Infrastructure Appetite: Google Prepares the Next Generation of LLMs
Google has announced the release of Gemini 3.6 Flash and confirmed that it is already actively training Gemini 4. The release of faster, cheaper Flash versions traditionally signals a software stack optimization for current hardware. However, the primary infrastructure challenge lies in the preparation for the fourth generation of models.
Training LLMs on the level of Gemini 4 requires exponential growth in compute resources. In my view, the announcement of Flash versions is an attempt to maximize the ROI from already deployed GPU clusters until new batches of accelerators arrive to power the resource-intensive training of future architectures.
Compute Geopolitics: Chinese Models Split the Silicon Market
The success of Chinese AI developments has triggered a serious rift among President Donald Trump's AI advisors. Experts are publicly accusing leading American AI companies of inefficiency, which directly impacts export control policies and investments in domestic chip production.

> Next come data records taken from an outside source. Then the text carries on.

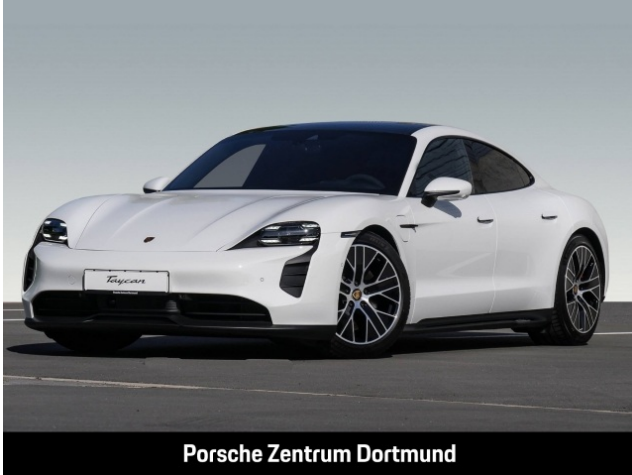
Porsche Zentrum Dortmund
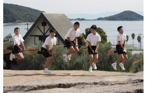
魔法のほうきに乗ってレッツゴー!
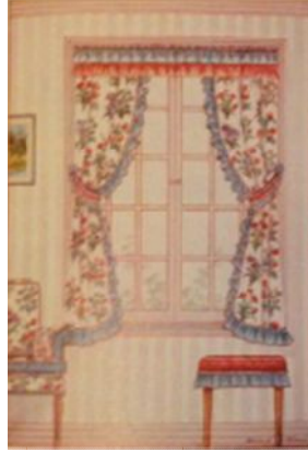
Şekil 18: 1920'lerin ve 30'ların 'yeni fakir' kır evi için "basit ama akıllı" bir şema. "İngiliz ve Amerikan Tekstillerinden: 1790'dan Günümüze (From English and American Textiles: From 1790 to the Present), M. Schoeser & C. Rufey, 1989, s. 173. (Thoreson, 2016, 33).

Ashley, her şeyden önce ev için tasarladı, kadınların gerçek gereksinimlerine hizmet etti, ancak kırsal-sempatik estetiği, çiçekli tasarımları ile en başından beri, tasarımları geçmişe kök salmıştı.
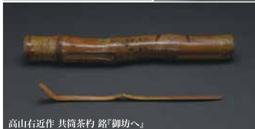
高山右近作 共筒茶杓 銘「御坊へ」
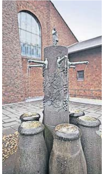
Den Hochzeit-zu-Kana-Brunnen im Innenhof krönt eine Marienstatue.
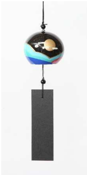
デザイン：女子美術大学 田野 ゆかり

This conflict goes far beyond software. The internal struggle within the White House determines how subsidies for data center expansion will be allocated and what restrictions will be placed on accelerator shipments. If American AI giants cannot prove the efficiency of their infrastructure, the government may redirect funding from cloud providers toward national semiconductor projects.
Data as a Bottleneck: $1.5 Billion to Expand Compute Bases
A judge has approved Anthropic's $1.5 billion settlement to resolve copyright disputes. Out of thousands of authors, only 350 managed to opt out of the class-action lawsuit.
For the hardware market, this event has an indirect but critical significance. The evolution of AI accelerators is hitting a wall not just in lithography, but in access to legitimate training data. Massive financial payouts for copyright royalties mean that AI companies must now factor the cost of data corpora into their CapEx alongside GPU purchases. In my view, this precedent will force compute providers to rethink their business models: the data centers of the future will have to provide access not just to hardware, but to legalized datasets.
Bottom Line
AI infrastructure is ceasing to be a purely engineering task. Compute power now sits at the intersection of a technological race, geopolitical pressure, and legal constraints. In the near term, expect a revision of accelerator procurement strategies: demand will be shaped not simply by peak FLOPS, but by the overall efficiency of clusters in the face of rising data legalization costs and export quotas.